| Requirement |
Copy the lines below word for word, skipping any image.

| Exercise data |
◆ ◆ ◆ ◆ ◆ ◆ ◆

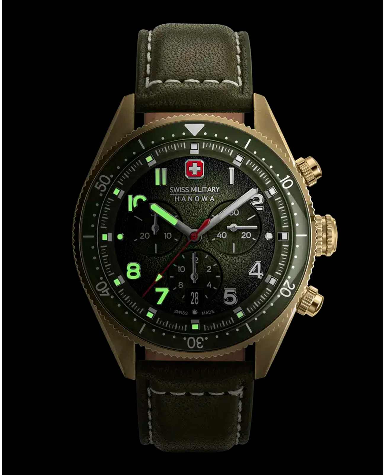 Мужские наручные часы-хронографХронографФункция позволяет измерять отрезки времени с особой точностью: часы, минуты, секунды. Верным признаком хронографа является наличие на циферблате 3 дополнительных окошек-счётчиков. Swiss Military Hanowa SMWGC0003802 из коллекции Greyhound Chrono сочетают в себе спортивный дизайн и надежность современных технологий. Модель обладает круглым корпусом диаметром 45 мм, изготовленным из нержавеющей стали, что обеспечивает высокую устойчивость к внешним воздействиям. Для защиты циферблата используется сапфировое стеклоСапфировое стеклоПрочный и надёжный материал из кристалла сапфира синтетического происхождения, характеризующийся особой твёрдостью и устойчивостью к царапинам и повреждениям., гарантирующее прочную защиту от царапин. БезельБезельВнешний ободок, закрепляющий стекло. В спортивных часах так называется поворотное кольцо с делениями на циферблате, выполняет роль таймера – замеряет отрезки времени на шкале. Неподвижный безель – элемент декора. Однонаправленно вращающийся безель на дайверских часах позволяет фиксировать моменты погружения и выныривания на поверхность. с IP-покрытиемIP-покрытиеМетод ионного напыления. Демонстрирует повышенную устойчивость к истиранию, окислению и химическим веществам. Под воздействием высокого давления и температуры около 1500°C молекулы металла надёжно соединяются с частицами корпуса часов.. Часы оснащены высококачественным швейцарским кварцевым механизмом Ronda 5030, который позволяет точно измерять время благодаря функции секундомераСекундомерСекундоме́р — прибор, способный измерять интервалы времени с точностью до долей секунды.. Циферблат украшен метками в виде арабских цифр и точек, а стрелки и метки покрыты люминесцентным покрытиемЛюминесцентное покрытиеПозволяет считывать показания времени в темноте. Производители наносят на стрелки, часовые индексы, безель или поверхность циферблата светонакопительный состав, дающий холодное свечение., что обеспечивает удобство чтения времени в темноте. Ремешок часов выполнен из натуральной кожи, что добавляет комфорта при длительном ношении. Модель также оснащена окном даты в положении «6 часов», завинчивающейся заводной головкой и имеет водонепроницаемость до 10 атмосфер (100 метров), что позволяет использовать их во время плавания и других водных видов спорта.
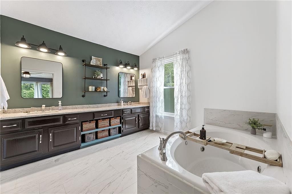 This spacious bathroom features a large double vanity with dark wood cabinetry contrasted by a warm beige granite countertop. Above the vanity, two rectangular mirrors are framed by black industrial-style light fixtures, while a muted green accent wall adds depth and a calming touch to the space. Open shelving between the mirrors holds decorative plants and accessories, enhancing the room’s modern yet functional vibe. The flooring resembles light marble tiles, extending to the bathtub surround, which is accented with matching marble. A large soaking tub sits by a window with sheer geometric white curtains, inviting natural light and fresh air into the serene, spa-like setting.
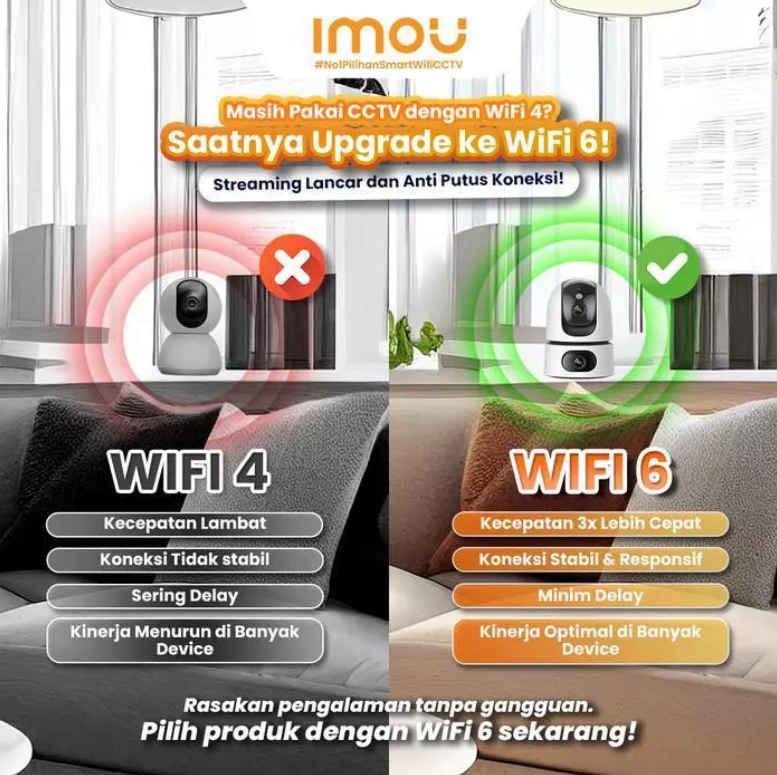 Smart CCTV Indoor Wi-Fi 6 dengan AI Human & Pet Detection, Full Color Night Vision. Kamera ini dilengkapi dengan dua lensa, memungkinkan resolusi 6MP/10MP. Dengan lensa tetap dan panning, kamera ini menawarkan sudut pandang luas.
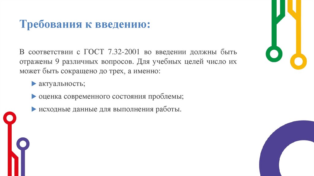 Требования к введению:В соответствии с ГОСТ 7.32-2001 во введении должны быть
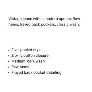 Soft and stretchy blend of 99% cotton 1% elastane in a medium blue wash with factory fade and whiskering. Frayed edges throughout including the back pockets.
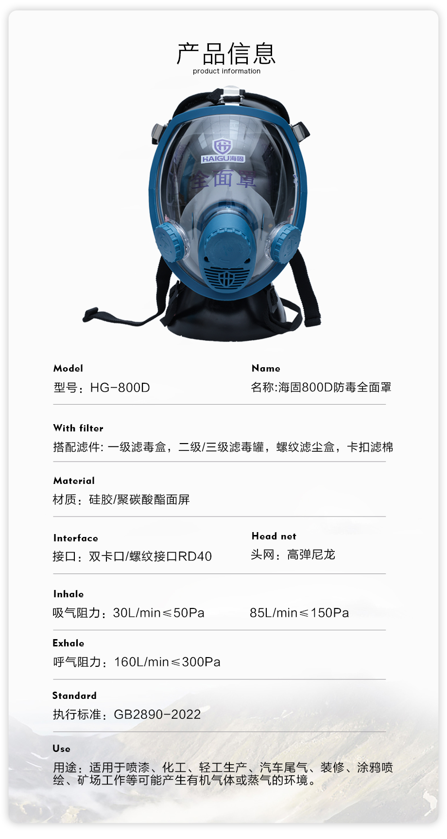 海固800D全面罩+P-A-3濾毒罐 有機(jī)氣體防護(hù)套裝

◆ ◆ ◆ ◆ ◆ ◆ ◆

| Finished task |
 Мужские наручные часы-хронографХронографФункция позволяет измерять отрезки времени с особой точностью: часы, минуты, секунды. Верным признаком хронографа является наличие на циферблате 3 дополнительных окошек-счётчиков. Swiss Military Hanowa SMWGC0003802 из коллекции Greyhound Chrono сочетают в себе спортивный дизайн и надежность современных технологий. Модель обладает круглым корпусом диаметром 45 мм, изготовленным из нержавеющей стали, что обеспечивает высокую устойчивость к внешним воздействиям. Для защиты циферблата используется сапфировое стеклоСапфировое стеклоПрочный и надёжный материал из кристалла сапфира синтетического происхождения, характеризующийся особой твёрдостью и устойчивостью к царапинам и повреждениям., гарантирующее прочную защиту от царапин. БезельБезельВнешний ободок, закрепляющий стекло. В спортивных часах так называется поворотное кольцо с делениями на циферблате, выполняет роль таймера – замеряет отрезки времени на шкале. Неподвижный безель – элемент декора. Однонаправленно вращающийся безель на дайверских часах позволяет фиксировать моменты погружения и выныривания на поверхность. с IP-покрытиемIP-покрытиеМетод ионного напыления. Демонстрирует повышенную устойчивость к истиранию, окислению и химическим веществам. Под воздействием высокого давления и температуры около 1500°C молекулы металла надёжно соединяются с частицами корпуса часов.. Часы оснащены высококачественным швейцарским кварцевым механизмом Ronda 5030, который позволяет точно измерять время благодаря функции секундомераСекундомерСекундоме́р — прибор, способный измерять интервалы времени с точностью до долей секунды.. Циферблат украшен метками в виде арабских цифр и точек, а стрелки и метки покрыты люминесцентным покрытиемЛюминесцентное покрытиеПозволяет считывать показания времени в темноте. Производители наносят на стрелки, часовые индексы, безель или поверхность циферблата светонакопительный состав, дающий холодное свечение., что обеспечивает удобство чтения времени в темноте. Ремешок часов выполнен из натуральной кожи, что добавляет комфорта при длительном ношении. Модель также оснащена окном даты в положении «6 часов», завинчивающейся заводной головкой и имеет водонепроницаемость до 10 атмосфер (100 метров), что позволяет использовать их во время плавания и других водных видов спорта.
 This spacious bathroom features a large double vanity with dark wood cabinetry contrasted by a warm beige granite countertop. Above the vanity, two rectangular mirrors are framed by black industrial-style light fixtures, while a muted green accent wall adds depth and a calming touch to the space. Open shelving between the mirrors holds decorative plants and accessories, enhancing the room’s modern yet functional vibe. The flooring resembles light marble tiles, extending to the bathtub surround, which is accented with matching marble. A large soaking tub sits by a window with sheer geometric white curtains, inviting natural light and fresh air into the serene, spa-like setting.
 Smart CCTV Indoor Wi-Fi 6 dengan AI Human & Pet Detection, Full Color Night Vision. Kamera ini dilengkapi dengan dua lensa, memungkinkan resolusi 6MP/10MP. Dengan lensa tetap dan panning, kamera ini menawarkan sudut pandang luas.
 Требования к введению:В соответствии с ГОСТ 7.32-2001 во введении должны быть
 Soft and stretchy blend of 99% cotton 1% elastane in a medium blue wash with factory fade and whiskering. Frayed edges throughout including the back pockets.
 海固800D全面罩+P-A-3濾毒罐 有機(jī)氣體防護(hù)套裝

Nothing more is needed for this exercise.